THE half-year results season will get under way this week with figures from Rolls-Royce and GlaxoSmithKline.
GlaxoSmithKline chief executive Andrew Witty will present his first set of results on Wednesday after succeeding Jean-Pierre Garnier in May.
Stockbroker Charles Stanley is expecting pre-tax profits of £1.9 million for the three months to 30 J
une, just above the consensus for £1.84m.
A slowing UK economy is expected to hit the results of mobile phone giant Vodafone when it issues a trading update tomorrow. Broker Lehman Brothers is expecting a slowdown in Vodafone's UK organic revenue growth, to 3.4 per cent during the first quarter compared to the previous year. Vodafone's first-quarter revenues are expected to be around £9.8 billion, compared to £8.2bn for the year before.
Engines giant Rolls-Royce will reveal how it is faring in challenging conditions when it issues interim results on Thursday.
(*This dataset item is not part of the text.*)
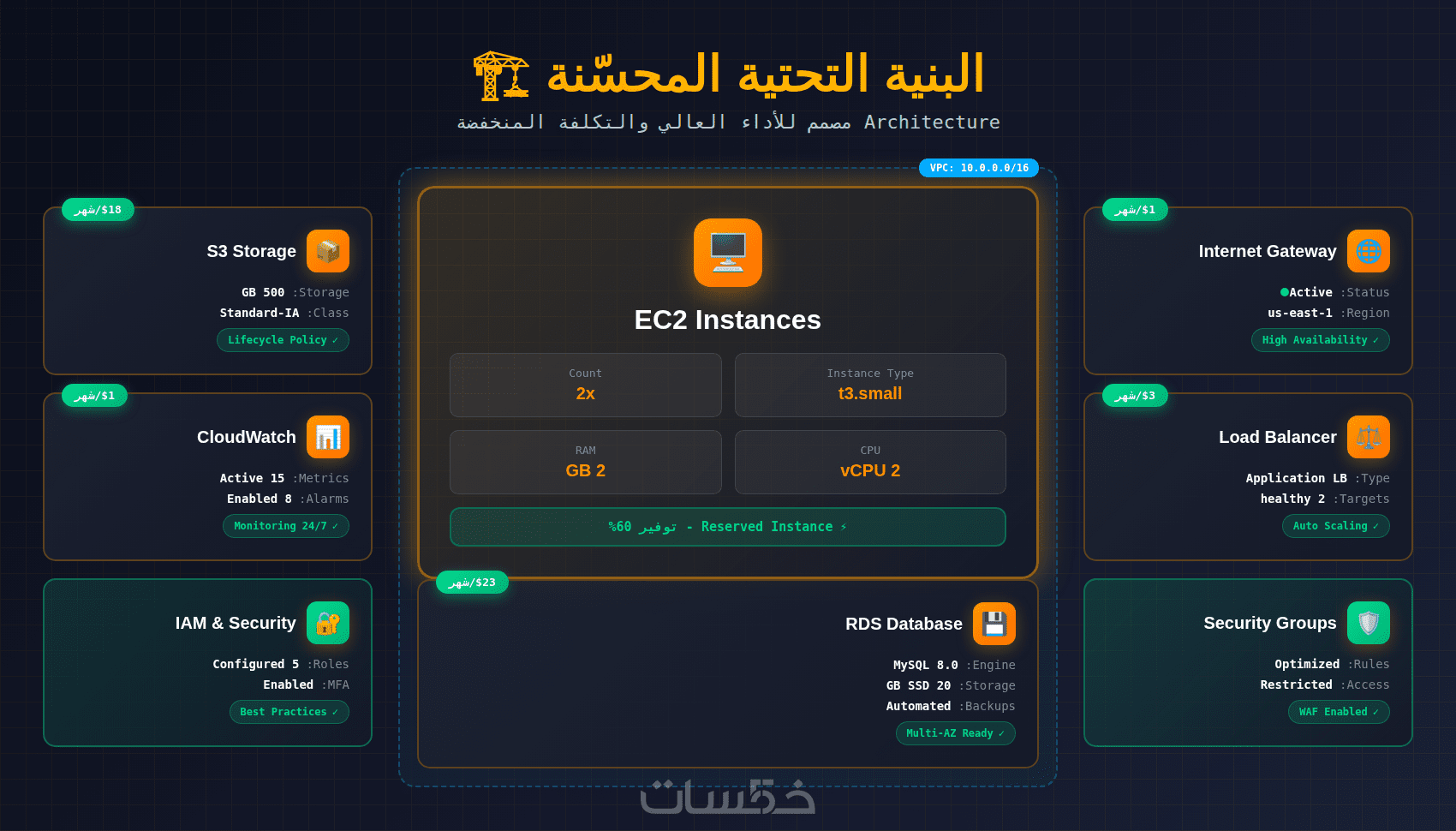 تحسين إعداد EC2 و RDS و S3 لأقل تكلفة ممكنة

Chief executive Sir John Rose warned investors at the firm's AGM in May that the credit squeeze and increased fuel costs were putting pressure on airline operators.
Rolls-Royce landed almost $15bn (£7.7bn) in new orders during the first three months of the year, including a $2bn deal from US Airways for its Trent 700 engines.
Pizza delivery firm Domino's will reveal today whether it has managed to keep up some impressive sales growth this year. Like-for-like sales rose 13.3 per cent during the 16 weeks to 20 April, up from 11 per cent in the first six weeks. The performance contrasted sharply with gloomy figures from other high street operators.
E-commerce sales surged by 61 per cent to £32.2m in 2007, and were up 95 per cent in the first 16 weeks of 2008 to £15.3m, accounting for 21 per cent of all UK deliveries.
Broker Investec says Domino's franchise-based model was unlikely to be affected by any consumer weakness.
The Bank of England's dilemma over runaway inflation and slowing economic growth will be laid bare on Wednesday, when minutes of the latest interest rate meeting are published. Rate-setters on the monetary policy committee held borrowing costs at 5 per cent this month, despite mounting signs of economic gloom fuelling fears over a potential recession.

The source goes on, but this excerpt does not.